■ Try it:
Nothing but the lines from the first line of the records below to the line holding "Series and Parallel" belongs in the answer, copied exactly and without pictures.

[Data extracted from a collection]

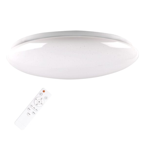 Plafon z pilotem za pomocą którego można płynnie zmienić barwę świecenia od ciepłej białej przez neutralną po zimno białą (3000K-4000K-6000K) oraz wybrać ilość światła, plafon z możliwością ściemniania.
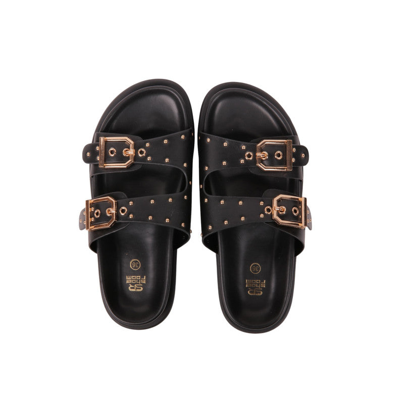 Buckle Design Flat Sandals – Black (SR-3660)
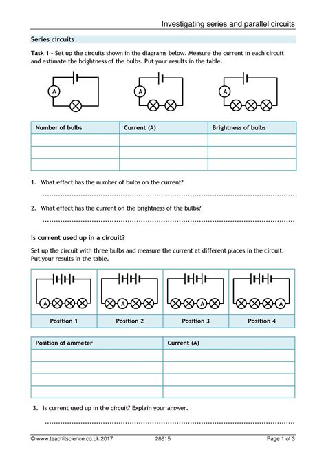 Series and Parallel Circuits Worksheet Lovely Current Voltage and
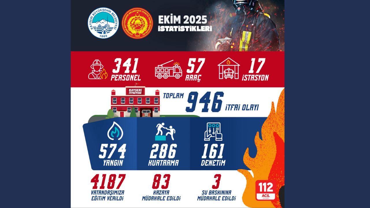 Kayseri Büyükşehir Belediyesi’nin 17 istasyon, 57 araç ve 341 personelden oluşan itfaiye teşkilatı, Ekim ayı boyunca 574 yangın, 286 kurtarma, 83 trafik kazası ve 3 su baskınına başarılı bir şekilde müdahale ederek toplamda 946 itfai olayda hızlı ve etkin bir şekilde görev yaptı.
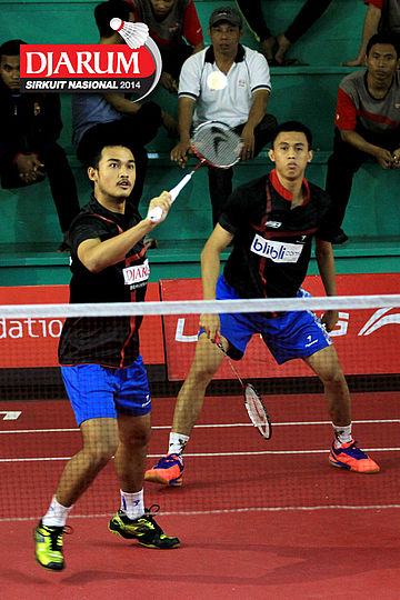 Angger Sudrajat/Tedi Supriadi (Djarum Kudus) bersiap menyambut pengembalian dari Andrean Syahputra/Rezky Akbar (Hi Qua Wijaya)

■ Answer below:
 Plafon z pilotem za pomocą którego można płynnie zmienić barwę świecenia od ciepłej białej przez neutralną po zimno białą (3000K-4000K-6000K) oraz wybrać ilość światła, plafon z możliwością ściemniania.
 Buckle Design Flat Sandals – Black (SR-3660)
 Series and Parallel Circuits Worksheet Lovely Current Voltage and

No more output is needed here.